The Bell at Sealey Head is a 2008 fantasy novel by American writer Patricia A. McKillip. It was nominated for the 2009 Locus Award as well as the 2009 Mythopoeic Fantasy Award for Adult Literature.

Plot summary
The small ocean town of Sealey Head has long been haunted by a phantom bell that tolls as evening falls. The sound is so common that many of the town's inhabitants do not even notice it, let alone questions its existence. Ridley Dow, a scholar from the city, comes to investigate the mystery, and sets up residence at the old inn owned by a young man named Judd and his ailing father. To aid Ridley, Judd enlists the help of his friend and love-interest Gwyneth, a young woman who writes her own stories to explain the bell.

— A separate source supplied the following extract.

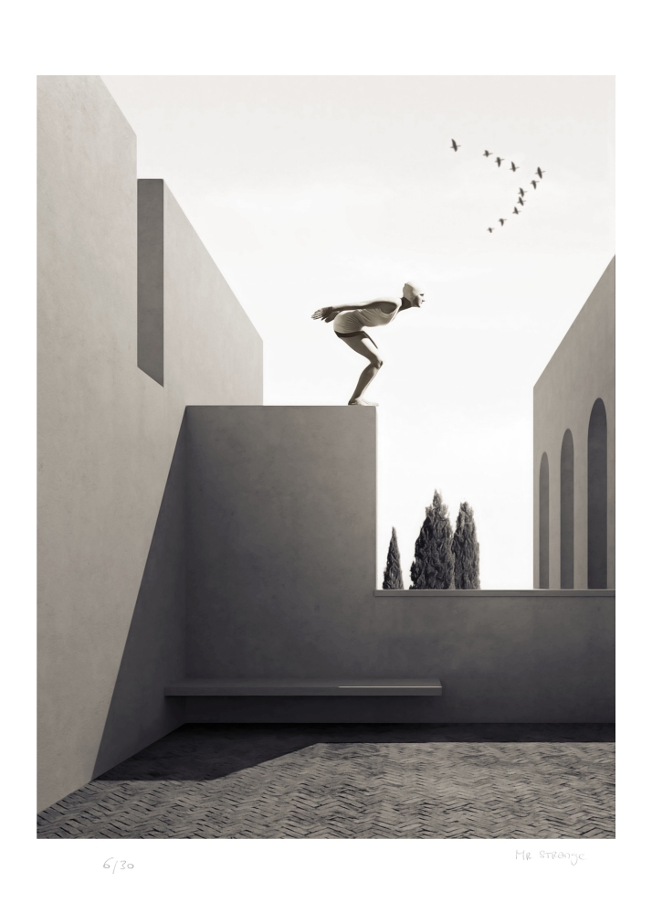 Mr Strange est un artiste français né en 1964 qui vit dans le sud de la France. Après une approche assez classique dartiste plasticien, Mr Strange, très largement inspiré par le surréalisme s'est peu à peu éloigné de la peinture classique pour s'intéresser à des formes polymorphes, mêlant peinture et sculpture. Cest sa période des "Spictures". Son évolution artistique l'amène à s'approprier le support numérique et créer ce qu'il nomme ses photomanipulations. Hybridation, logique de l'absurde, subversion, sont les portes d'entrées de prédilection de l'artiste. De la naissance à la mort, de l'individu à la société, il n'épargne personne. Mr Strange manie le surréalisme avec une certaine dérision, et propose une réflexion personnelle sur le monde tantôt poétique, tantôt caustique mais toujours aiguisée. The Flight / 2022 Giclée sur papier Hanhemühle. Edition limitée, numérotée 8/30 et signée à la main dans la marge blanche. Cachet de l'artiste embossé à sec (initiales MS) Envoyé avec un certificat d'authenticité. Taille totale : 70 x 50 cm. Le bord blanc facilitera la mise en place de l'uvre dans un passe-partout. Neuf / jamais encadré. Envoyé par UPS dans un tube adapté.

On the other side of town is the ancient manor Aislinn House, whose owner, Lady Eglantine, lies dying. Emma, a servant in the house, is able to open doors that lead not into another room, but into another world. On the other side of Aislinn House's doors is castle where the princess Ysabo moves through her daily rituals, tasks that Ysabo hates and does not understand, but cannot question. While Emma and Ysabo are able to speak to one another, neither has ever tried to cross into the other's realm.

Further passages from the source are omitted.